The planet’s poles deserve special attention. The main reason is that the South Pole with its raging Antarctic Circumpolar Current connects to and interacts with all of Earth’s major ocean basins. This involves all the processes discussed so far. Together with the difficulty of gathering data here, this is still aqua incognita, so to speak: many questions remain and many details are sketchy. The other reason why the poles deserve attention is that they are, well, polar opposites. While the South Pole is an isolated landmass surrounded by water, the North Pole is a land-locked ocean partially covered with sea ice. Narrow passages such as the Bering Strait and the Barents Sea Opening are the only connection to global ocean circulation.
I found the observation and concept sections of each chapter reasonably accessible, and some of the illustrations particularly helpful, though I would have liked a glossary. Klinger & Haine define important terms, but I had to go back repeatedly to look up basic concepts such as geostrophic flow that remained abstract to me. As far as the book’s level is concerned then, this is an advanced-level text – personally, I would have benefitted from first reading an introductory oceanography textbook. Students will want to tackle this book in a classroom setting, especially once it gets to the theoretical sections. I read through these only to discover mathematical operators that I didn’t even know existed. One of the endorsements printed on the book mentions the option of self-study, though my impression is that this is the preserve of advanced students and professional oceanographers who are both familiar and comfortable with the mathematics and modelling used here.
“The planet’s poles deserve special attention […] the Southern Pole with its raging Antarctic Circumpolar Current connects to and interacts with all of Earth’s major ocean basins.”
The above is, of course, not a criticism of the book, but is good to know going in.
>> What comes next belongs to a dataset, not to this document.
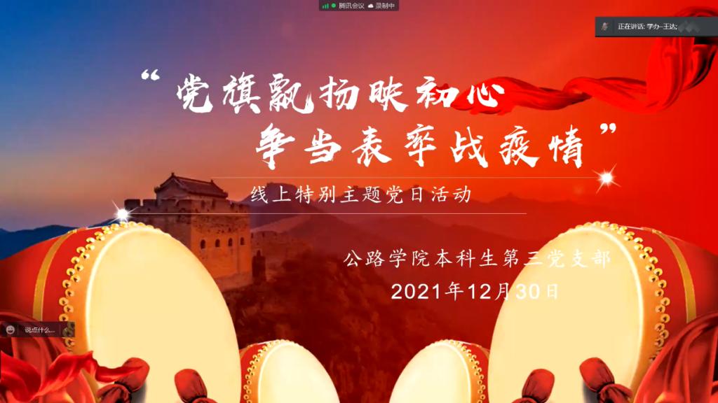 2021年12月14日,新冠肺炎疫情突袭而至,给充满生机的长大校园按下暂停键。半个多月以来,beat365正版唯一官网必一本科生党支部积极响应学校和学院党委的号召,积极投身抗疫志愿服务第一线,以实际行动践行着共产党人的初心和使命。为下一步在疫情防控中继续发挥基层党组织战斗堡垒作用与党员先锋模范作用,近日,beat365正版唯一官网必一本科生党支部组织开展了“党旗飘扬映初心争当表率战疫情”线上特别主题党日活动。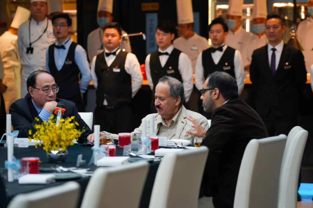 应世界食学论坛组委会邀请,2019年11月11日沙特阿拉伯亲王一行到访北京,中国政府欧洲事物特别代表、世界食学论坛主席、前联合国副秘书长吴红波先生在大董集团总部亲切会见沙特阿拉伯亲王(H.H. Prince MATAB BIN THENAYAN BIN MOHAMED AL SAUD)和王子(H.H. Prince Abdulaziz Bin Metab Alsaud ),双方就2020利雅得G20峰会世界食学论坛的举办进行了友好的协商,双方一致认为“食事问题不能有效解决,可持续发展(SDGs)就不能实现”。世界食学论坛创始人刘广伟先生,对日前到访利雅得亲王的热情接待表示感谢,就2020利雅得G20峰会世界食学论坛的筹备工作与亲王进行了进一步磋商。亲王表示,沙特阿拉伯是连接亚欧非三大洲的枢纽,沙特阿拉伯王国的国王与王储对联合国的SDGs非常重视,并推出沙特阿拉伯2030愿景规划。

Minor suggestions for improvements would be aforementioned glossary. Similarly, an online module with animations to help visualise movements and dynamic processes (such as was included with the CUP textbook Structural Geology) would be nifty, though I recognize the time, skill, and effort involved in creating these. No, what I really felt was missing was a final integrative chapter bringing together all the concepts that have been treated separately up to that point. Clearly, different modes of circulation dominate in different parts of the oceans, and at different times, but none of them occurs in isolation. So, what, ultimately, does ocean circulation in three dimensions look like? A short ocean-by-ocean walkthrough would have been instructive. That said, I certainly would not suggest ditching the current last chapter. Here, Klinger & Haine briefly explore the link between ocean circulation and the global climate, palaeoclimatology, and the possibility of abrupt climate change.
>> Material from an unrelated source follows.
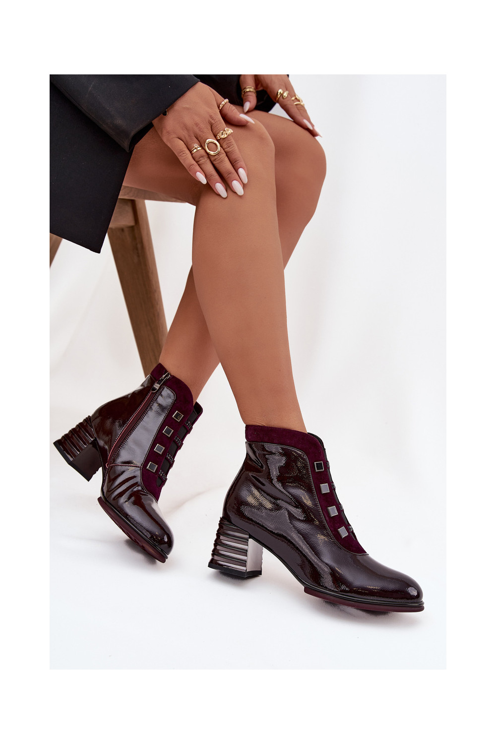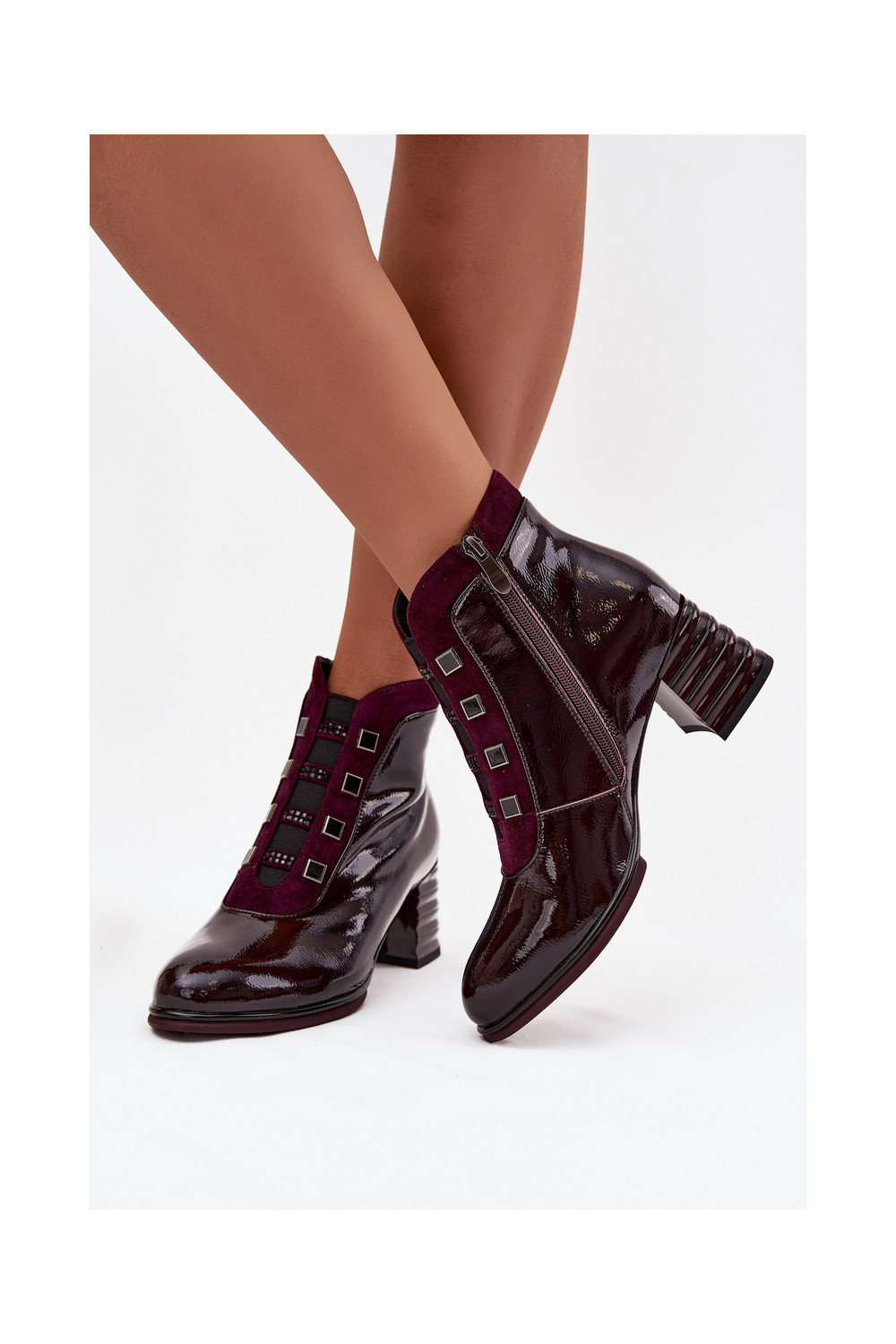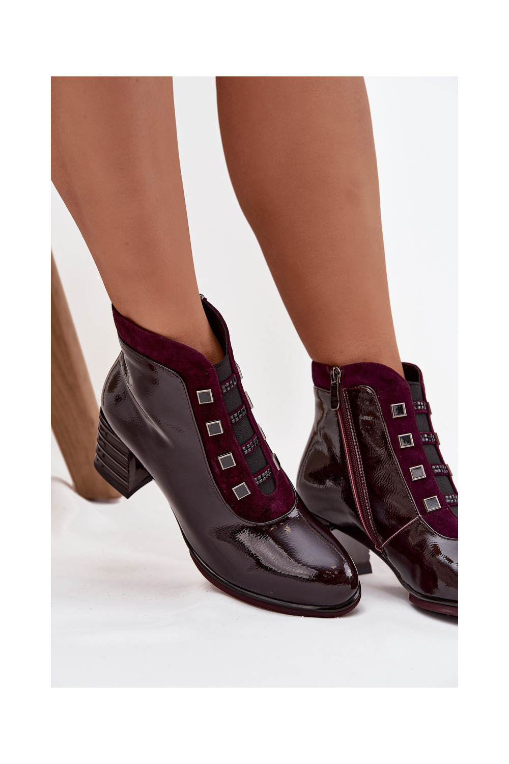 Moteriški lakiniai aulinukai iš dirbtinės odos su kulniukais D&A CR52-696 bordo spalvos

Ocean Circulation in Three Dimensions is one of the first books I know of to tackle this topic head-on. The authors explore competing models and explanations and are mindful to highlight that this is forever work-in-progress. Nevertheless, as an overview of our current state of knowledge, this book will be a valuable reference work for professionals. Similarly, the book’s structure and plentiful exercises make it a useful textbook for students, though they will probably need a classroom or graduate course setting to get the most out of it.